UK Premiere Screening: Syria, Assads’ Twilight
When he came to power in June 2000 few perhaps expected the UK graduate of Medicine Bashar al-Assad would prove to be a ruthless dictator. Syria, Assads’ Twilight looks at the history of the Assad regime and its chances of survival.
FULLY BOOKED Screening: Saving Face
Every year hundreds of people, most of them women, are attacked with acid in Pakistan. Saving Face is a heartbreaking and human documentary that follows two of these survivors as they reveal their internal and external scars.
CANCELLED Screening: Zero Silence
Before any political revolution was in sight in the middle east, filmmakers Javeria Rizvi Kabani, Jonny von Walstrom and Alexandra Sandels visited Egypt, Tunisia, and Lebannon to witness the network revolutions already taking place. Following young activists, journalists, and bloggers we learn that silence is no longer an option among those with access to the new digital tools and networks created in the last few years.

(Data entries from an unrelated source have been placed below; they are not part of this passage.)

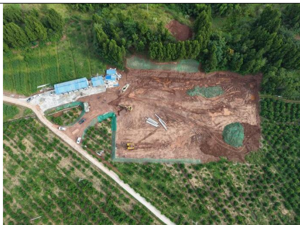
石羊变电站站内裸露地面、边坡等区域临时遮盖范围不足

根据现场监测，截止 2025 年 9 月，本工程水土流失主要区域为变电站主体工程区、塔基施工场地区、施工道路区，后续需及时加强表土剥离、遮盖与拦挡，施工后开展覆土、土地整治及植被恢复。现场监测典型问题如下：
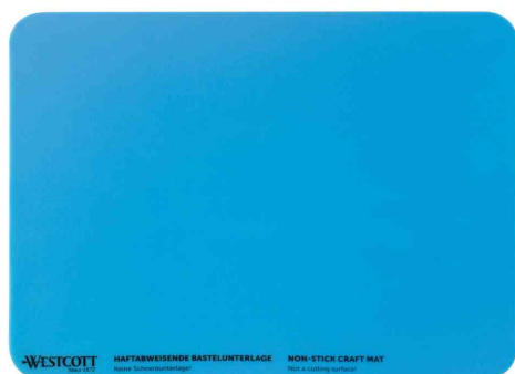
Sous-main de bricolage en silicone
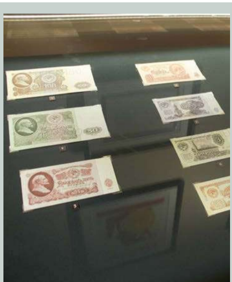
Советское время. И образ вождя на банкнотах.
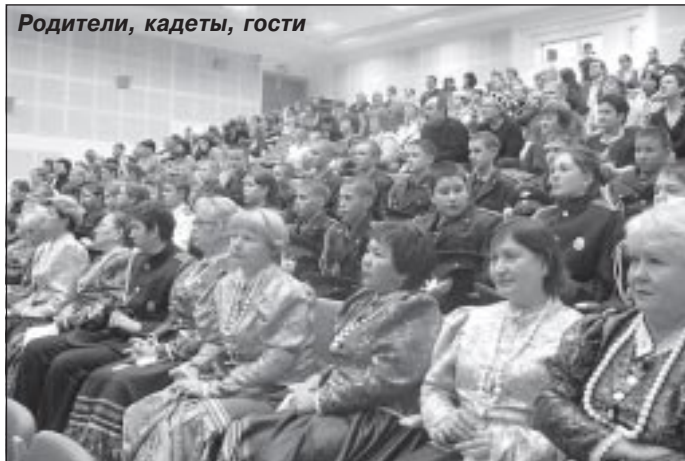
Родители, кадеты, гости
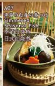
A07 季節の白身の煮つけ Simmered Seasonal Fish 季節白身魚 日式紅燒魚
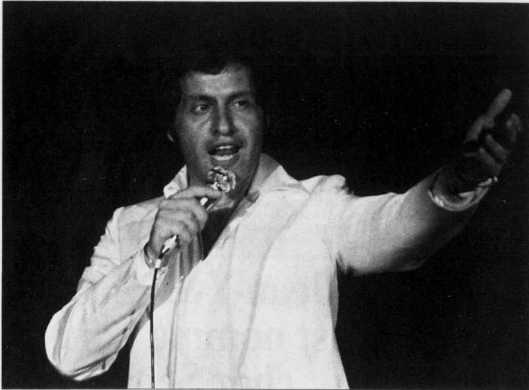
Photo prise en 1979 à l'hôtel Cosmos de Moscou du chanteur franco-américain Joe Dassin.

Spectacle-hommage en première à Québec l'automne prochain
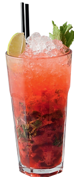
Клубничный безалкогольный мохито Сок лайма, клубничный сироп, мята, долька лайма, вода с газом, свежая клубника. «Гимназия»
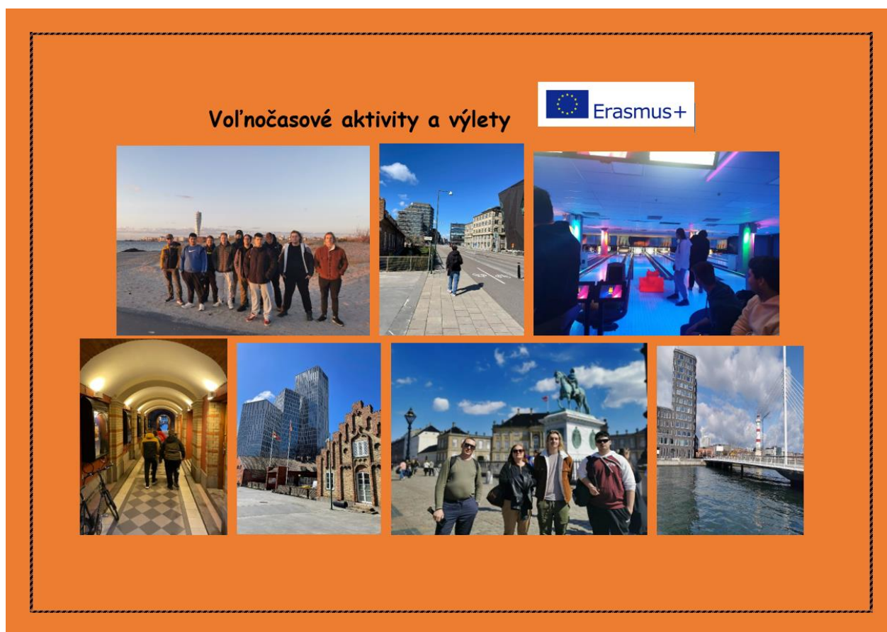
Obr. č. 4: Malmö, Švédsko – aktivity počas pobytu

From the Frontline with Al Jazeera: Preview Screening- Indian Hospital
Screenings from the Frontline with Al Jazeera is a new initiative to contextualise the news and working experiences of journalists and filmmakers reporting from the political hotspots of our time.
Each screening of a pre-broadcast special report will be attended by the producers, cameramen and directors who will discuss the process of making them.